=== DESCRIPTION OF THE TASK ===
All lines from the one that has "Four various heaps" onward to the end of the records below are to be returned exactly; pictures are to be skipped.

=== MATERIAL SHOWN ===
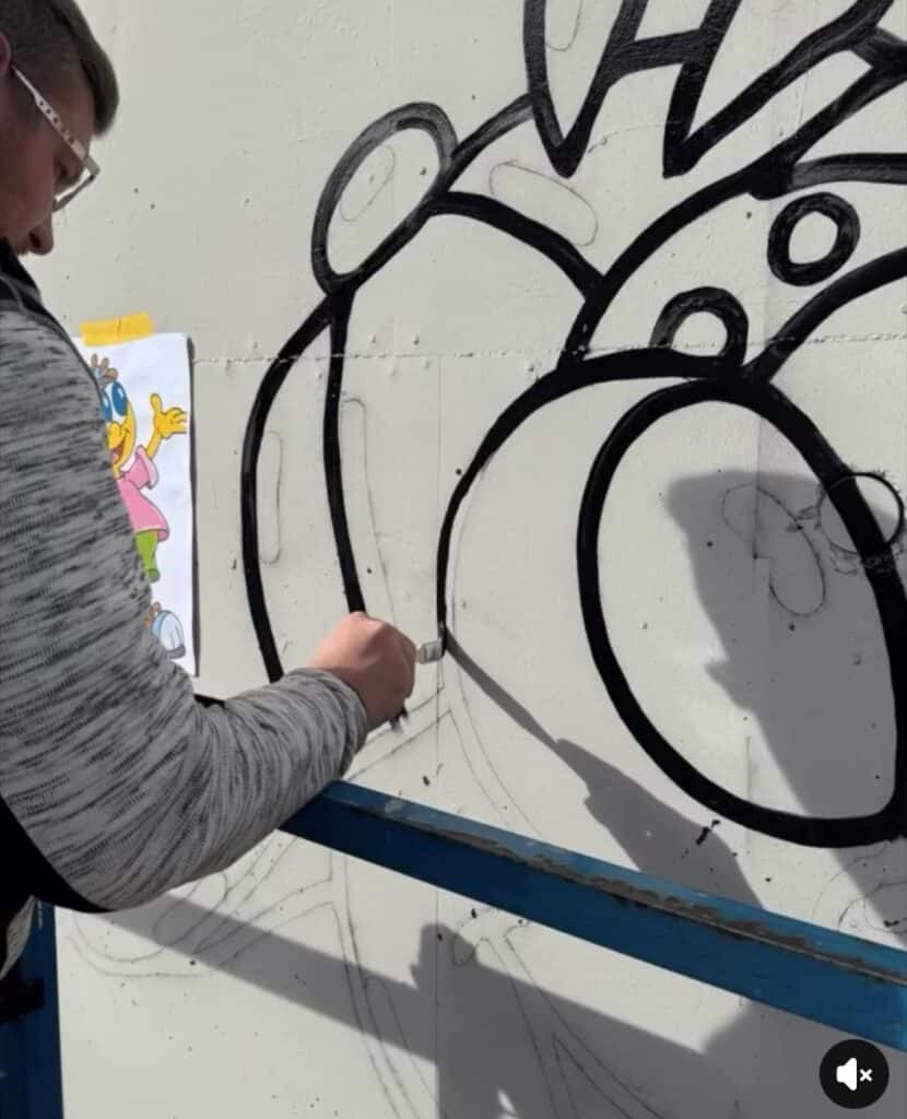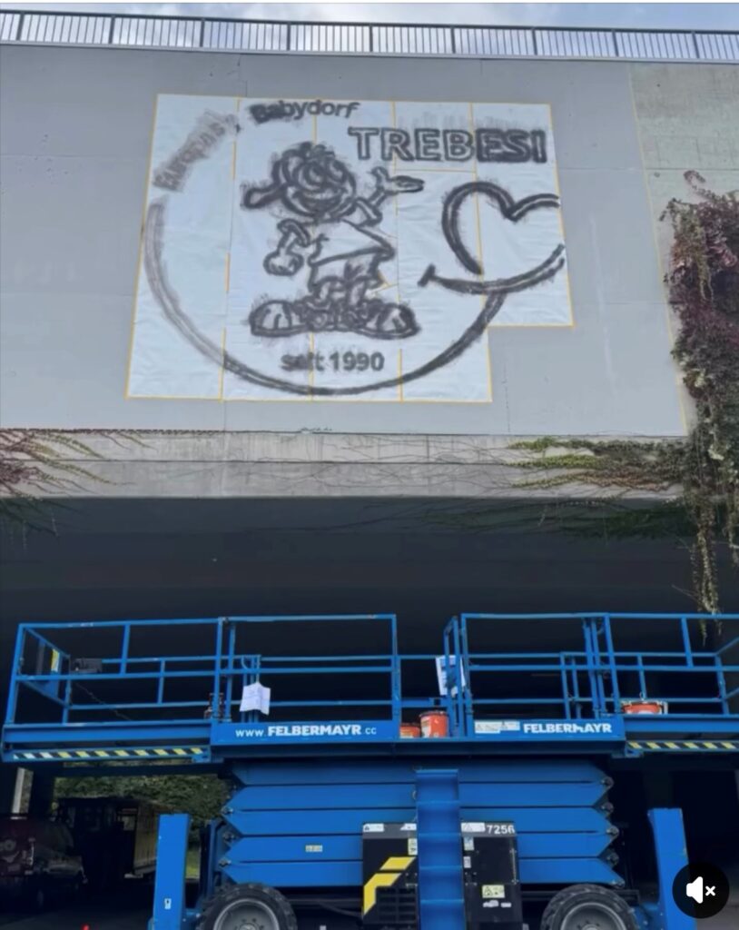 Unsere Grafikspezialistinnen und -spezialisten Johanna Hohenberger und Charly Oberlerchner bereiteten hochwertige Pausen vor, die später auf die Wandflächen übertragen wurden. Bevor es losgehen konnte, mussten sämtliche verkehrstechnischen Auflagen erfüllt werden – darunter Straßenverengung, Geschwindigkeitsreduktion, Hinweisbeschilderungen sowie das Aufstellen der vorgeschriebenen Warnkegel.
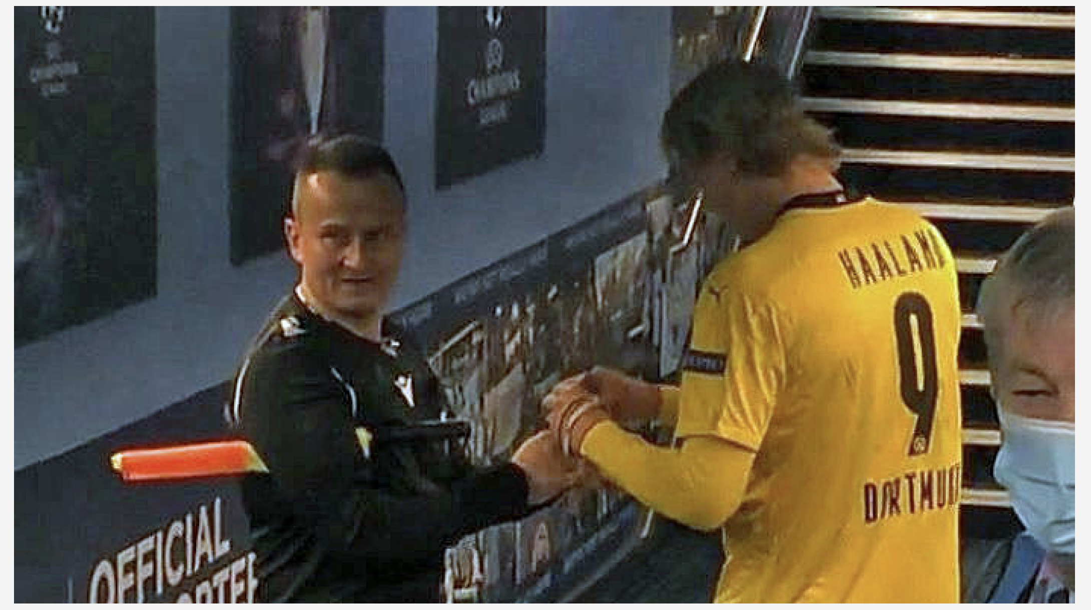 Ett bilde av assistentdommer Octavian Sovre og Erling Braut Haaland, etter Champions League-kvartfinalen mellom Manchester City og Dortmund, fikk fotballverden og verdenspressen til sperre opp øynene.
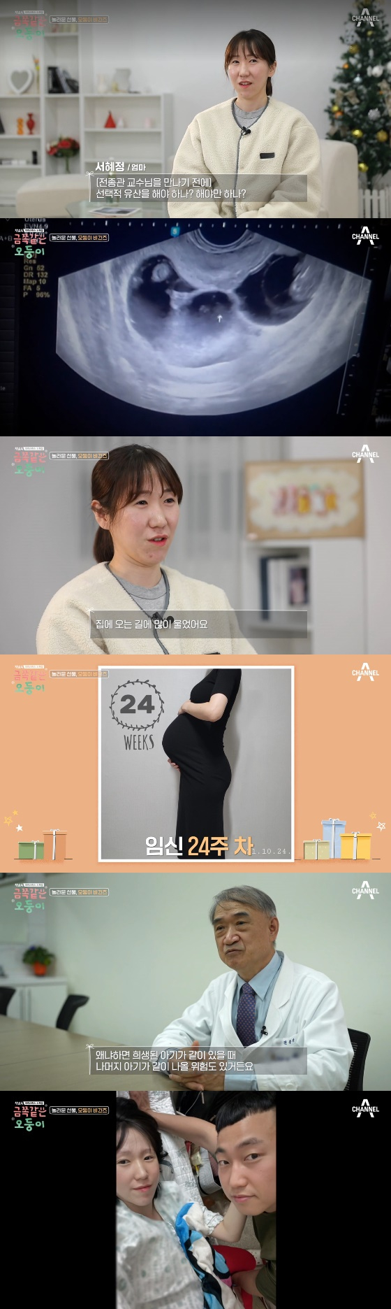 선택적 유산에 대한 전문가의 의견도 공개됐다. 서울대병원 산부인과 전종관 교수는 "다섯 명의 아기를 이끌고 가지 않는다고 하면 결국은 한 명이나 두 명을 선택해야 한다. 그런데 그 선택하는 기준이 애매하다"며 "아기를 한 명이나 두 명을 희생시키면 (다른 아기들의) 예후가 좋을지는 모르는 거다. 왜냐하면 희생된 아기가 같이 있을 때 나머지 아기가 나올 가능성도 있다"고 밝혔다.
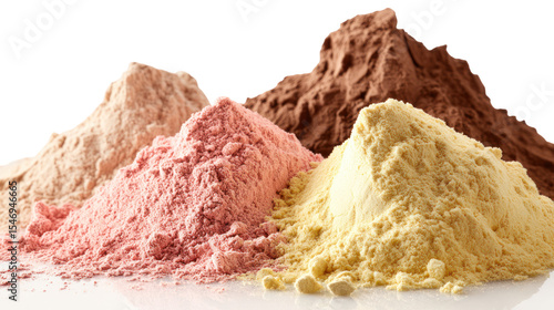 Four various heaps of protein powder – vanilla, strawberry, chocolate, and plain on transparent background
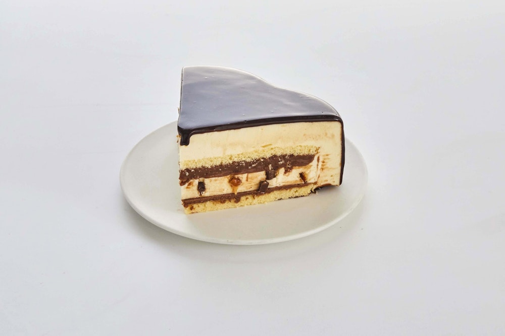 ふわふわのスポンジにアーモンドミルクやチョコレートのなめらかなムースを重ね、艶やかにコーティングしました。おいしさが生まれるまでの軌跡に思いを馳せながら、とろける繊細な口溶けのケーキを皆様でお楽しみください。

=== EXPECTED ANSWER ===
 Four various heaps of protein powder – vanilla, strawberry, chocolate, and plain on transparent background
 ふわふわのスポンジにアーモンドミルクやチョコレートのなめらかなムースを重ね、艶やかにコーティングしました。おいしさが生まれるまでの軌跡に思いを馳せながら、とろける繊細な口溶けのケーキを皆様でお楽しみください。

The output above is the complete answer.